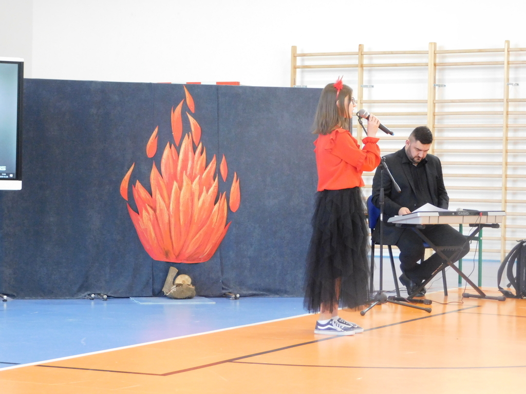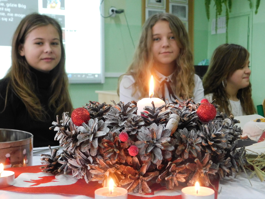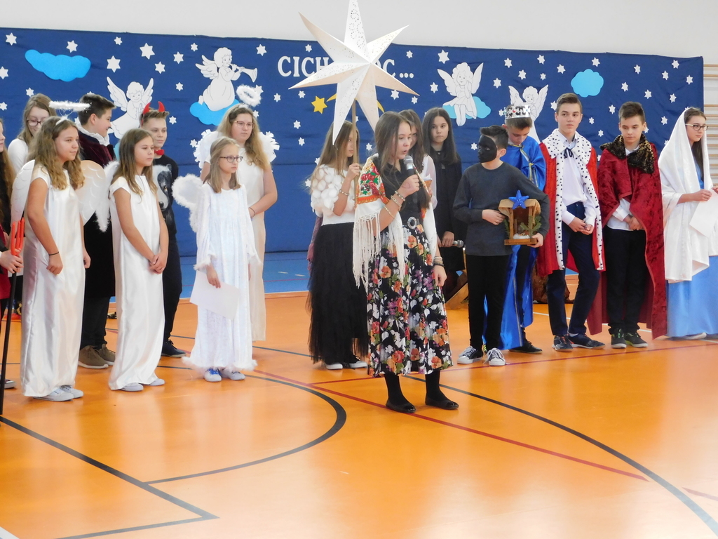 w tym roku zajęła II miejsce w konkursie gminnym „Kolędy i Pastorałki”. Uczennicę do udziału w konkursie przygotował pan Dariusz Makarewicz. Przepiękną dekorację zaprojektowała i wykonała pani Teresa Leśniewska wraz z uczniami klas starszych.
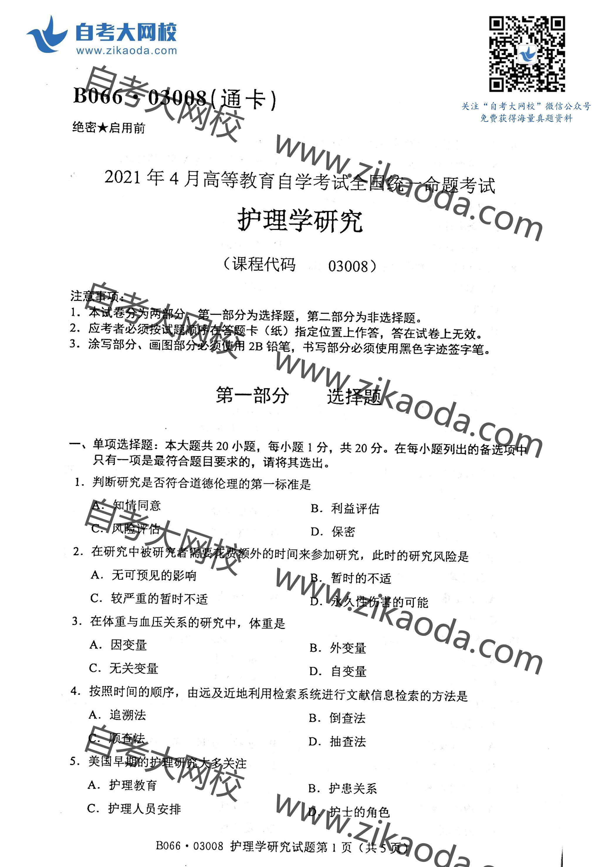 全國2021年4月自考03008護(hù)理學(xué)研究真題試卷完整版試卷請聯(lián)系微信客服免費(fèi)索取備注:4月自考試卷微信客服二維碼
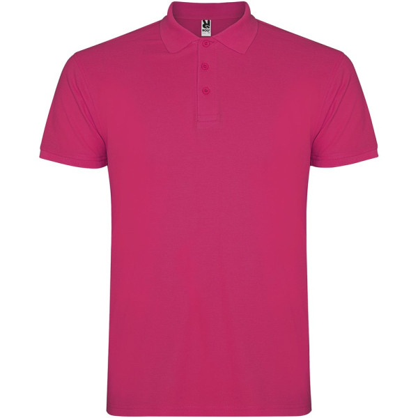 Poloshirt met korte mouwen voor heren. Versterkte bedekte naden in de binnenkant van de kraag. 1x1 geribde manchetten en kraag. Zijnaden. Knoopsluiting met drie knopen en zijsplitten. Optionele zak. Verwijderbaar etiket. Het model is 185 cm en draagt maat L.
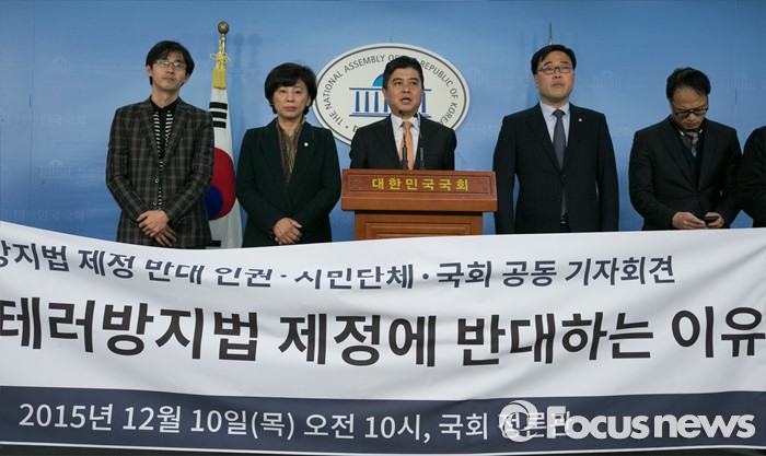| △ 10일 오전 서울 여의도 국회 정론관에서 김기식, 남인순 새정치민주연합 의원과 인권 및 시민단체 관계자들이 테러방지법 제정 반대 기자회견을 하고 있다. <사진제공=포커스뉴스> |
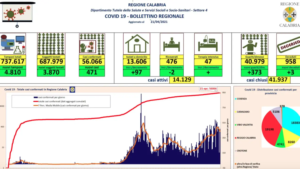 Nel bollettino di oggi della Regione Calabria si contano 471 contagi, 3 decessi e 373 guariti. Il tasso di positività odierno è pari al 9,79%
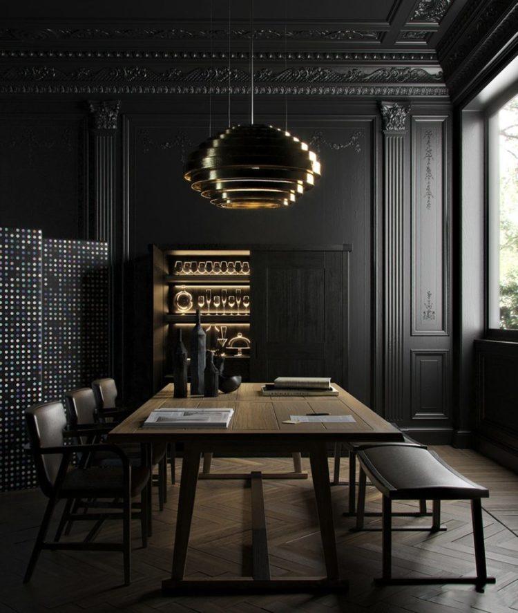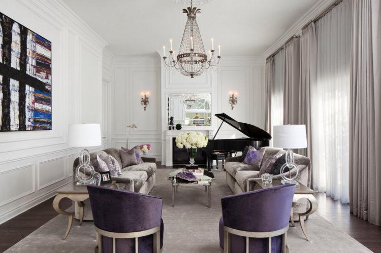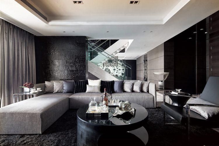 La opción considerada de color con negro creará el ambiente silencioso necesario en una sala grande con techos altos para fiestas y fiestas importantes.
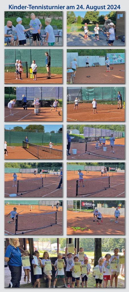 Am 24. August, fand in der Zeit von 9 bis 12 Uhr das diesjährige Kinder-Tennisturnier unseres Vereins statt. Die Entscheidung, das Turnier in die Vormittagsstunden zu verlegen, erwies sich als goldrichtig, denn zum Turnierende in den Mittagsstunden stiegen die Temperaturen merklich an.
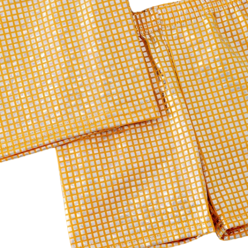 Yellow metallic printed short set
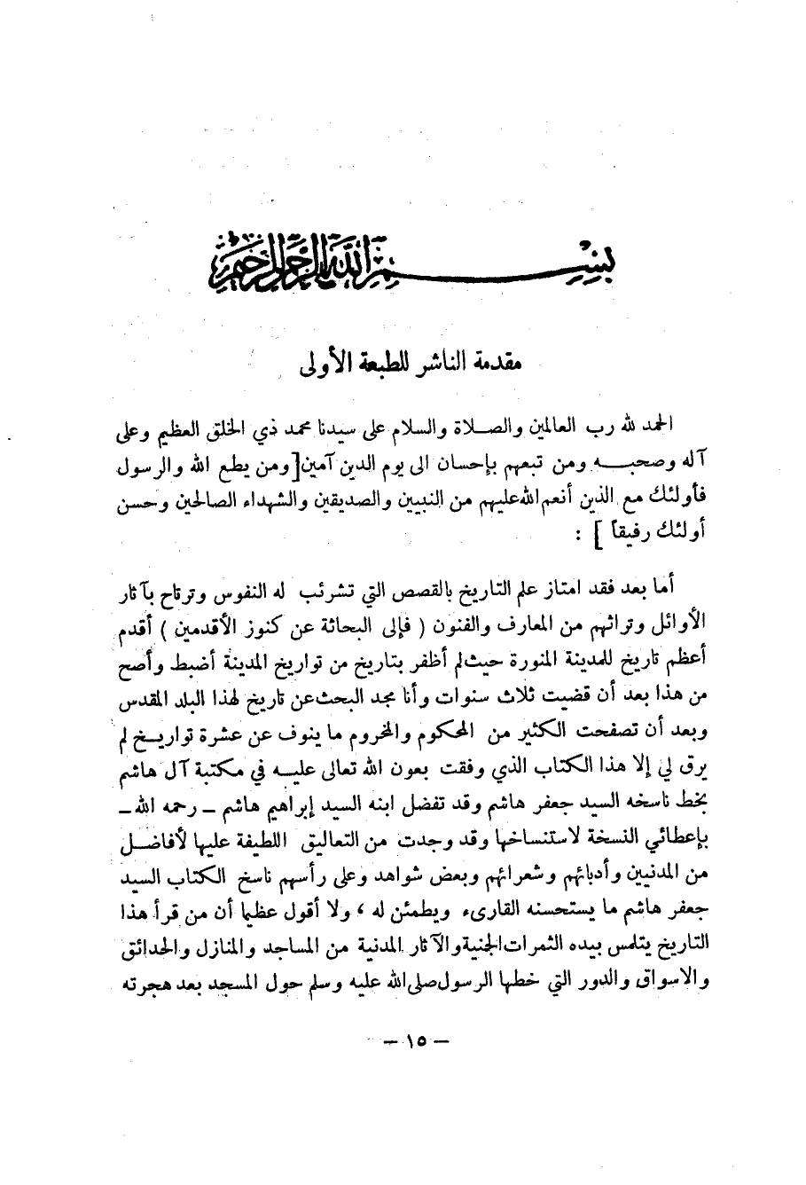 أما بعد فقد امتاز علم التاريخ بالقصص التي تشرئب له النفوس وترتاح بآثار الأوائل وتراثهم من المعارف والفنون (فإلى البحاثة عن كنوز الأقدمين) أقدم أعظم تاريخ للمدينة المورة حيث لم أظفر بتاريخ من تواريخ المدينة أضبط وأصح من هذا بعد أن قضيت ثلاث سنوات وأنا مجد البحث عن تاريخ لهذا البلد المقدس وبعد أن تصفحت الكثير من المحكوم وما ينوف عن شعرة تواريخ لم يرق لي إلا هذا الكتاب الذي وفقت بعون الله تعالى عليه في مكتبة آل هاشم بخط ناسخه السيد جعفر هاشم وقد تفضل ابنه السيد إبراهيم هاشم - رحمه الله - بإعطائي النسخة لاستنساخها وقد وجدت من التعاليق اللطيفة عليها لأفاضل من المدنيين وأدبائهم وشعرائهم وبعض شواهد وعلى رأسهم ناسخ الكتاب السيد جعفر هاشم ما يستحسنه القارئ ويطمئن له، ولا أقول عظيما أن من قرأ هذا التاريخ يتلمس بيده الثمرات الجنية والآثار المدينة من المساجد والمنازل والحدائق والاسواق والدور التي خطها الرسول صلى الله عليه وسلم حول المسجد بعد هجرته

..........

* _What the task asks_:
Beginning with the line above that has "Am 24. August, fand" and going on through the line that has "Yellow metallic printed short set", retype every line exactly and add nothing else; drop the pictures.

* _Answer box_:
 Am 24. August, fand in der Zeit von 9 bis 12 Uhr das diesjährige Kinder-Tennisturnier unseres Vereins statt. Die Entscheidung, das Turnier in die Vormittagsstunden zu verlegen, erwies sich als goldrichtig, denn zum Turnierende in den Mittagsstunden stiegen die Temperaturen merklich an.
 Yellow metallic printed short set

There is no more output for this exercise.